TASK DESCRIPTION => Each record that follows is to be transcribed exactly, excluding its images.

::: SUPPLIED MATERIAL

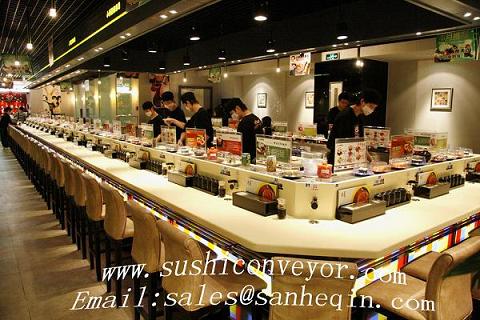 - Mainly Featured Products: Rotary sushi conveyor belt, single track Sushi conveyor belt,Single-deck Sushi conveyor belt with glass cover, double rotary conveyors, hot and cold rotating conveyor belt, ladder-type rotary conveyor belt, rotary hot-pot conveyors, steam food delivery platform, teppanyaki ,sushi rice ball machine, Kitchen&Table Ware, bar stools, etc..
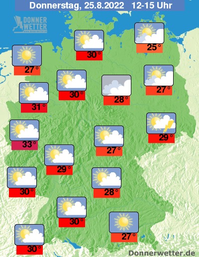 Heute Nachmittag ist es heiter oder sonnig, hier und da bilden sich auch ein paar Quellwolken. Im östlichen Sachsen sind lokale Schauer und Gewitter möglich, sonst bleibt es trocken. Die Temperatur liegt bei 25 Grad in Rostock und bis 33 Grad in Köln.
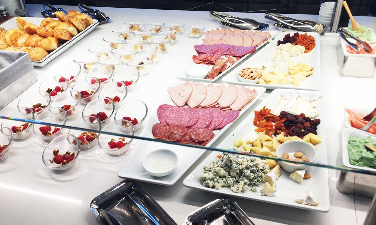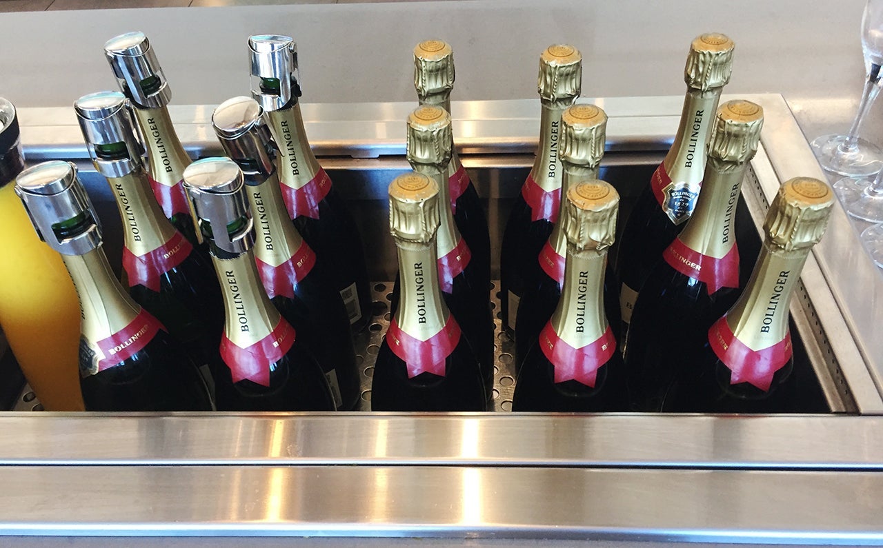 I arrived at the lounge just before 8:00am, and lounge staff were already filling up the Bollinger tub for the second time that morning. During my visit, I observed the staff go through another three cases before it was time for me to board. Another note about the Champagne: Maybe it was because the lounge guests had collectively drank about 30 bottles of bubbly before 8:00am, but no one seemed to understand how to use the resealable corks. This meant that every five minutes or so, a cork would pop into the air — startling everyone momentarily.
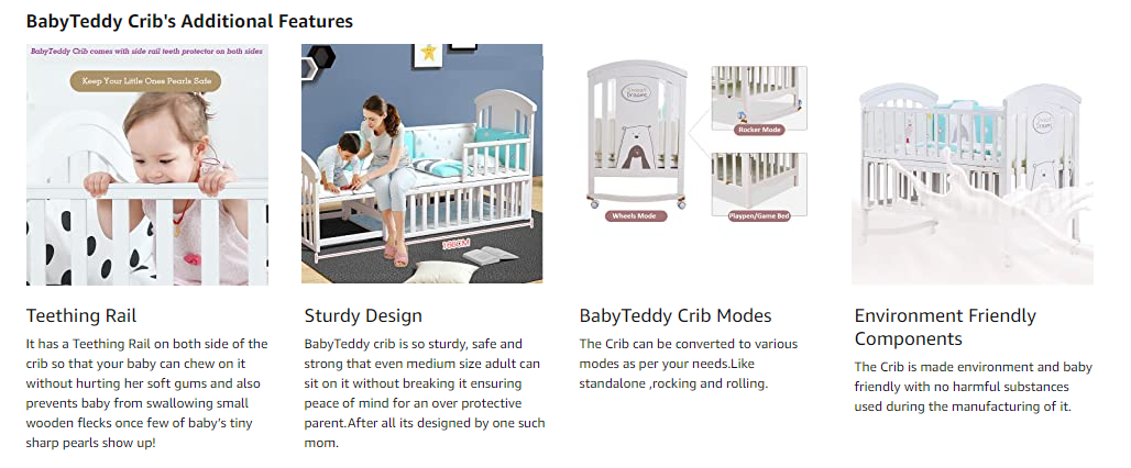 - It has a Teething Rail on both side of the crib so that your baby can chew on it without hurting her soft gums and also prevents baby from swallowing small wooden flecks once few of baby’s tiny sharp pearls show up!. The BabyTeddy crib can also be used as playpen for your naughty ninja while you can relax worry free.
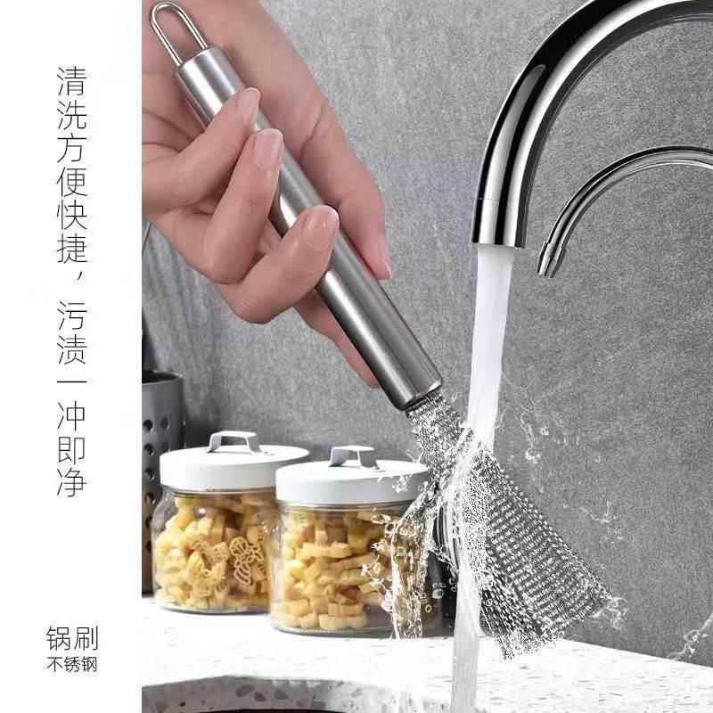 스테인레스 스틸 냄비 브러시, 가정용 냄비 세척 도구, 주방 매점 주방 용품 특수 청소 브러시, 강철 와이어 긴 손잡이 식기 세척 브러시스토어 가기
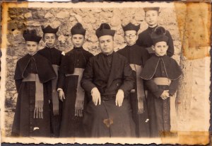 Una altra imatge de xiquets al Seminari de Tortosa, 1944 ó 45. D’esquerra a dreta, Vicente de l’Hostal, al que diuen que van expulsar per escriure’s amb la germana d’un altre seminarista; José i Juan Ramón Herrero Llidó ‘de Panxut’, l’adult Mn. Enrique Panxut (tio dels dos anteriors), José Herrero ‘Peneque’; José Sales ‘Tomeu’ i Enrique Silvestre. A l’últim el van enviar al seminari als 11 anys. Conten que era tan xiquet i rebaldia tant que el van tornar a casa. Anys després faria un altre intent exitós en un altre seminari. El Padre Enrique ha passat la vida en missions a Sud-Amèrica. També es conta d’un altre xiquet que, cansat del seminari, va escriure secretament una carta demanant que anaren a per ell i la va amagar dins d’uns calcetins bruts per a que la trobara sa mare quan li arribara la roba per a llavar.
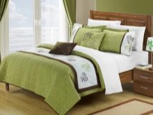 La tercera opción para los amantes modernos parece bastante elegante. La ventaja de este dormitorio son los muebles de madera, que combinan perfectamente con el color oliva y no requieren acabados adicionales.
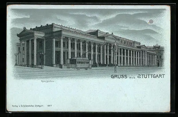 Mondschein-Lithographie Stuttgart, Königsbau mit Strassenbahn

::::::

FINISHED EXERCISE =>
 - Mainly Featured Products: Rotary sushi conveyor belt, single track Sushi conveyor belt,Single-deck Sushi conveyor belt with glass cover, double rotary conveyors, hot and cold rotating conveyor belt, ladder-type rotary conveyor belt, rotary hot-pot conveyors, steam food delivery platform, teppanyaki ,sushi rice ball machine, Kitchen&Table Ware, bar stools, etc..
 Heute Nachmittag ist es heiter oder sonnig, hier und da bilden sich auch ein paar Quellwolken. Im östlichen Sachsen sind lokale Schauer und Gewitter möglich, sonst bleibt es trocken. Die Temperatur liegt bei 25 Grad in Rostock und bis 33 Grad in Köln.
 I arrived at the lounge just before 8:00am, and lounge staff were already filling up the Bollinger tub for the second time that morning. During my visit, I observed the staff go through another three cases before it was time for me to board. Another note about the Champagne: Maybe it was because the lounge guests had collectively drank about 30 bottles of bubbly before 8:00am, but no one seemed to understand how to use the resealable corks. This meant that every five minutes or so, a cork would pop into the air — startling everyone momentarily.
 - It has a Teething Rail on both side of the crib so that your baby can chew on it without hurting her soft gums and also prevents baby from swallowing small wooden flecks once few of baby’s tiny sharp pearls show up!. The BabyTeddy crib can also be used as playpen for your naughty ninja while you can relax worry free.
 스테인레스 스틸 냄비 브러시, 가정용 냄비 세척 도구, 주방 매점 주방 용품 특수 청소 브러시, 강철 와이어 긴 손잡이 식기 세척 브러시스토어 가기
 Una altra imatge de xiquets al Seminari de Tortosa, 1944 ó 45. D’esquerra a dreta, Vicente de l’Hostal, al que diuen que van expulsar per escriure’s amb la germana d’un altre seminarista; José i Juan Ramón Herrero Llidó ‘de Panxut’, l’adult Mn. Enrique Panxut (tio dels dos anteriors), José Herrero ‘Peneque’; José Sales ‘Tomeu’ i Enrique Silvestre. A l’últim el van enviar al seminari als 11 anys. Conten que era tan xiquet i rebaldia tant que el van tornar a casa. Anys després faria un altre intent exitós en un altre seminari. El Padre Enrique ha passat la vida en missions a Sud-Amèrica. També es conta d’un altre xiquet que, cansat del seminari, va escriure secretament una carta demanant que anaren a per ell i la va amagar dins d’uns calcetins bruts per a que la trobara sa mare quan li arribara la roba per a llavar.
 La tercera opción para los amantes modernos parece bastante elegante. La ventaja de este dormitorio son los muebles de madera, que combinan perfectamente con el color oliva y no requieren acabados adicionales.
 Mondschein-Lithographie Stuttgart, Königsbau mit Strassenbahn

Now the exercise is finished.